Union des consommateurs
Coalition des associations de consommateurs du Québec Août 2012
Je vous invite à lire cet article en entier de même que mon mémoire présenté à la CEEQ pour affiner votre réflexion sur le gaspillage.
Claude Charron
http://uniondesconsommateurs.ca/2012/taxer-lelectricite/
http://www.mern.gouv.qc.ca/energie/politique/memoires/20131008_289_Claude_Charron_M.pdf

Merci pour ce billet. Années D’austérités… quelle farce. Le dindon serais-ce NOUS. On ns prend pour des incultes, pendant ce temps, on ne fait
RIEN ou si peu. C’est ns donne la désespérance en nos élus…Assez gaspillé de temps pour Moi,

Avec internet plus besoin de se déplacer pour voir, entendre, et communiquer. Depuis son élection le Premier Ministre Couillard et sa ribambelle de petits lutins voyagent
sans arrêt aux frais des contribuables. C’est également le cas pour tout nos paliers gouvernementaux. Pourtant lle contribuables qui veut voyager doit se le payer lui-même….
Nous serait-il permis d’espérer plus de modestie à nos gouvernants, moins de procole, moins de tourisme sottise , plus conséquent, » Bye, Bye 2014 » fut très à propos devant cette réalité…

« Le Québec est le champion du monde du gaspillage d’électricité, comme je l’avais déjà expliqué dans ce billet. »

Des explications non. Prouvez-le!

Prouvez-le noir sur blanc avec de chiffres noir sur blanc tenant compte de la température des pays, le vent, les entreprises « énergivores » telles que les alumineries dont nous avons pas besoin, du pétrole versus électricité.
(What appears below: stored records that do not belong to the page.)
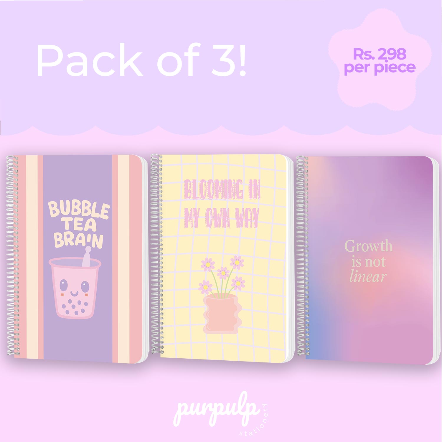 A4 spiral notebooks Bundle - "Bubble Tea Brain", "Blooming In My Own way" & "Growth is not Linear"
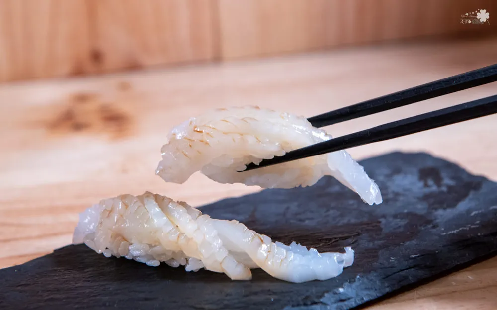 感覺像蝦又像蟹的蝦蛄扁,屬於平民版龍蝦,肉不多但是肉味鮮美又有彈性。從日本帆笠貝取下的貝柱清肉,就是大家所熟知的干貝,簡單極鮮的海味,柔嫩又彈牙。富有彈性又飽滿的生蠔,噗滋噗滋的口感,在嘴裡盡顯甘甜美麗。有盤中明珠美譽的海螺,細膩鮮美略帶濕潤的肉質,海味十足。
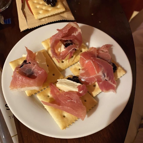 먼 ver. 아이비나 참 크래커에 알갱이가 살아있는 샹달프 블루베리 잼, 르갈 크림치즈, 프로슈토까지 얹어서 먹으면 완벽한 단짠 까나페가 된다! 같이 먹을 와인으로는 '19 크라임즈 쉬라즈'나 '프로메사 쉬라즈'를 추천한다.
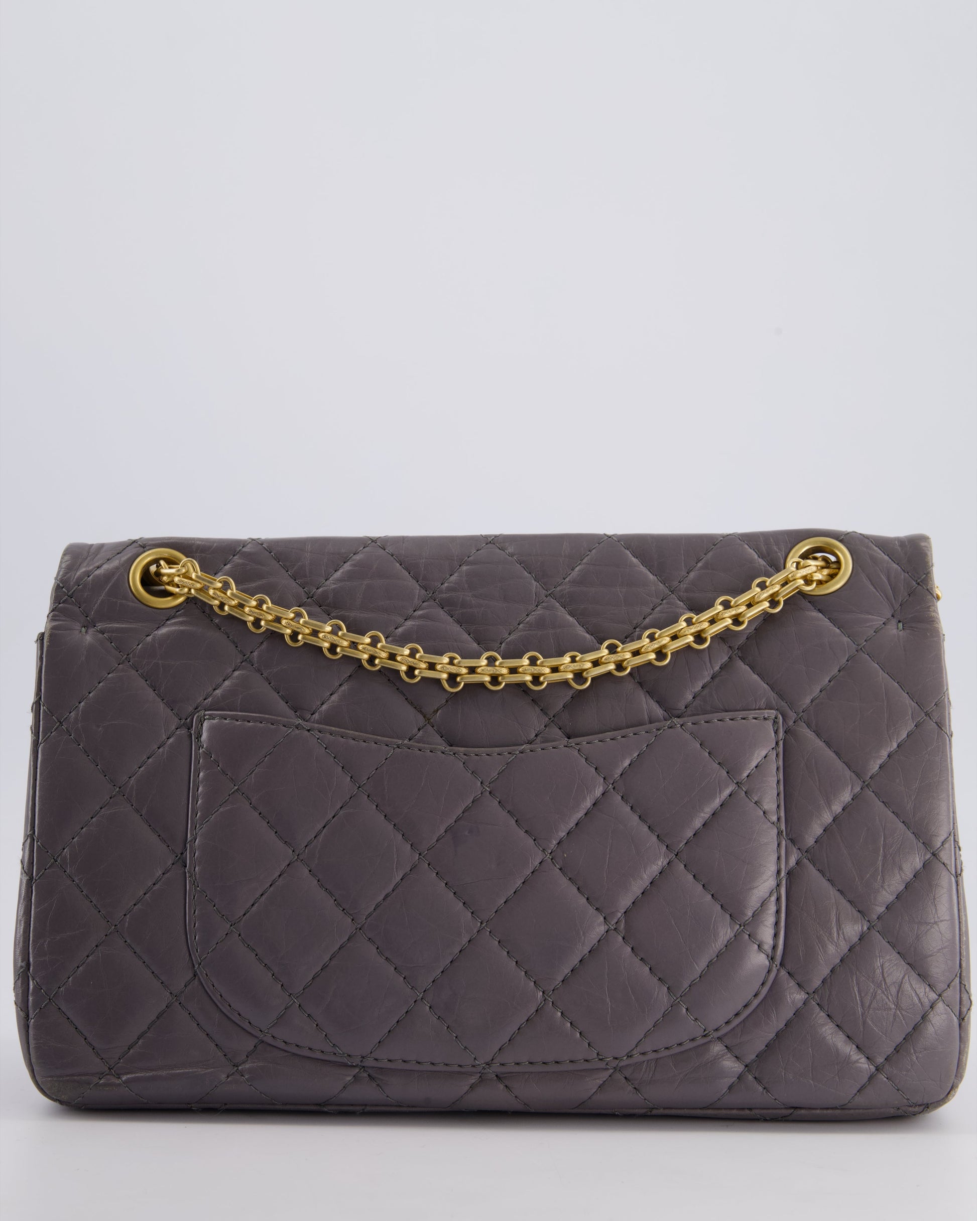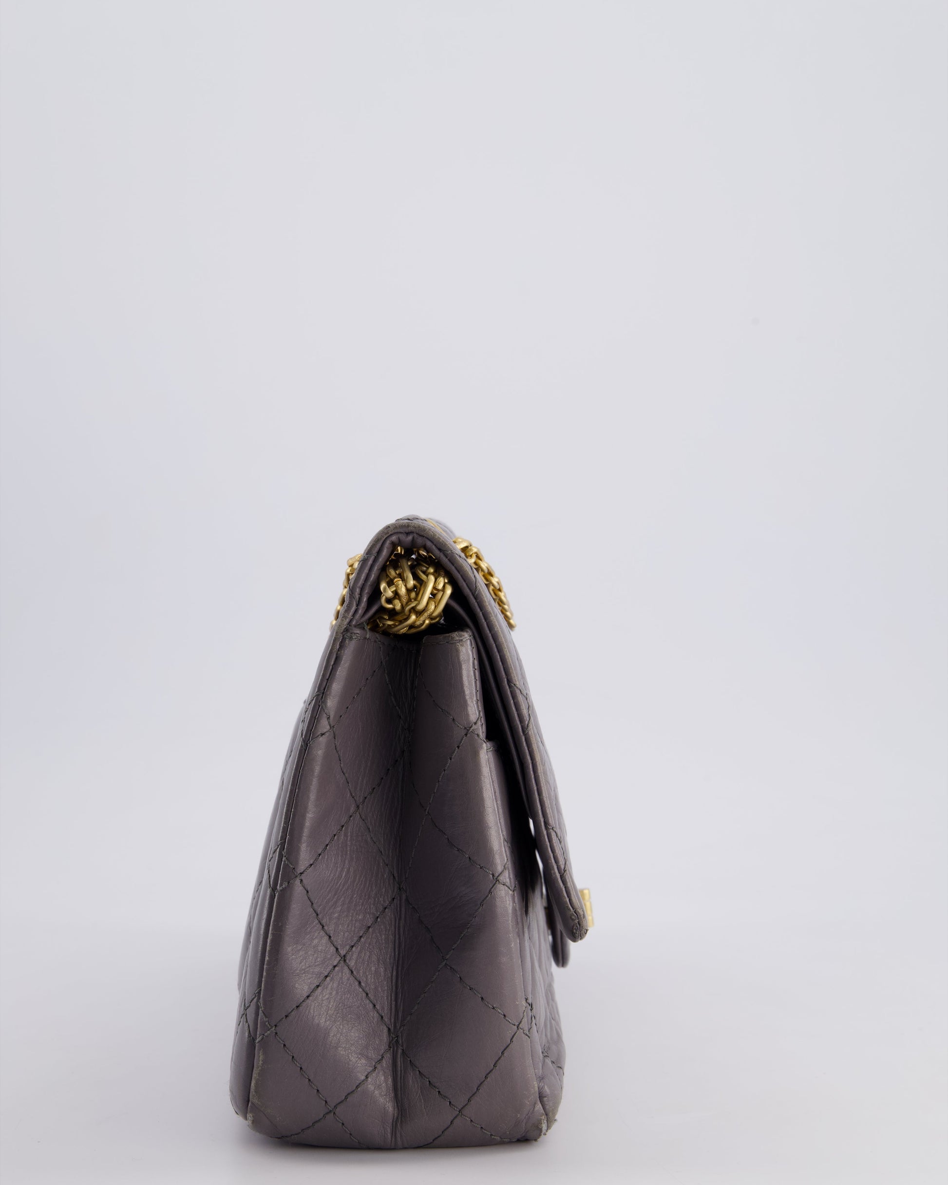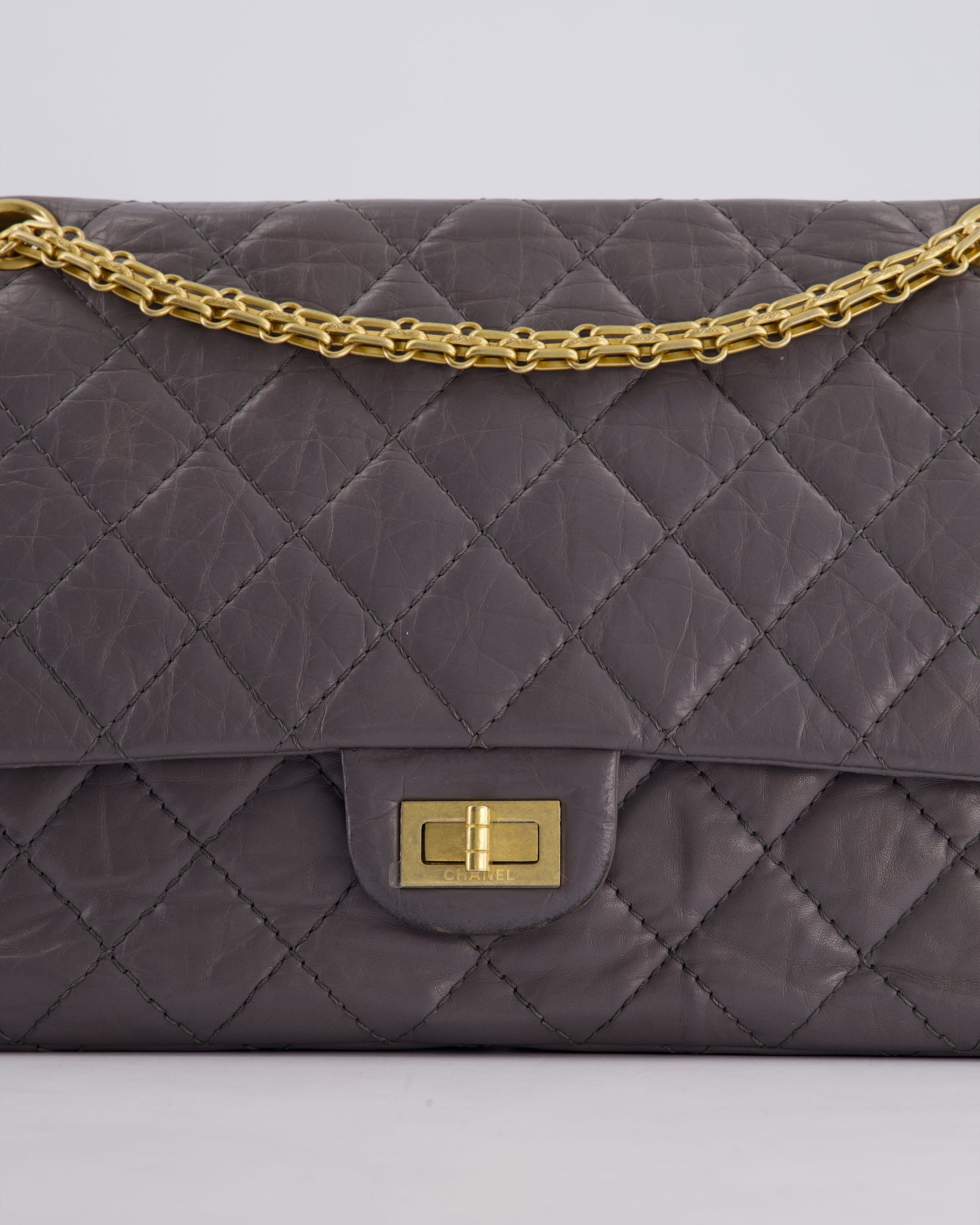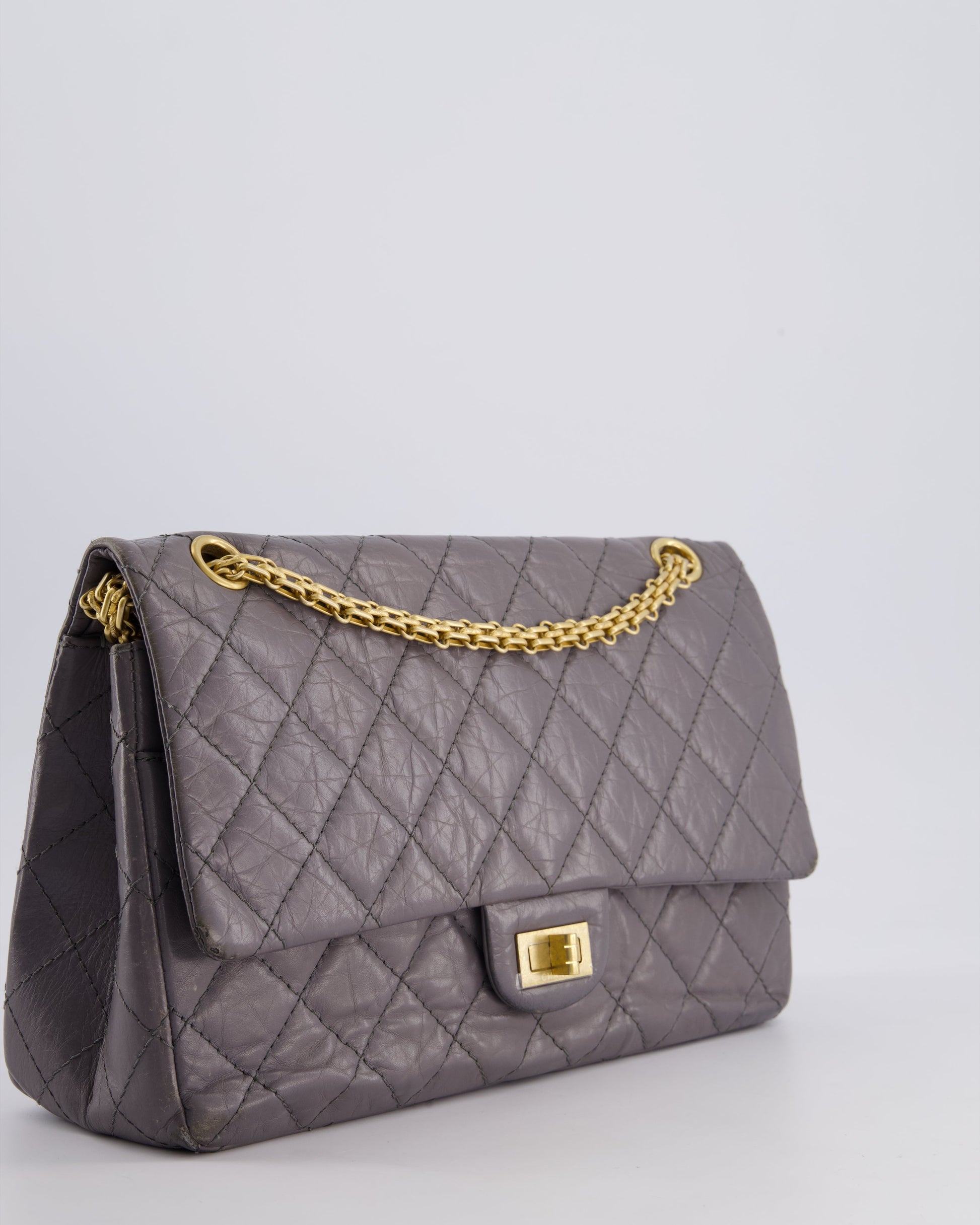 Chanel Grey Medium Reissue 2.55 Double Flap Bag in Quilted Crumpled Calfskin with Aged Gold Hardware

Je me méfie des médias très à la droite et l’Actualité en est un.

Monter les taxes ou l’électricité pour sauver de l’impôt aux riches.

Ce n’est pas aussi tranché effectivement. Dans bien des domaines, l’industrie traine de la patte en terme d’efficacité énergétique. Dans le domaine du bâtiment résidentiel, on se débrouille pas mal.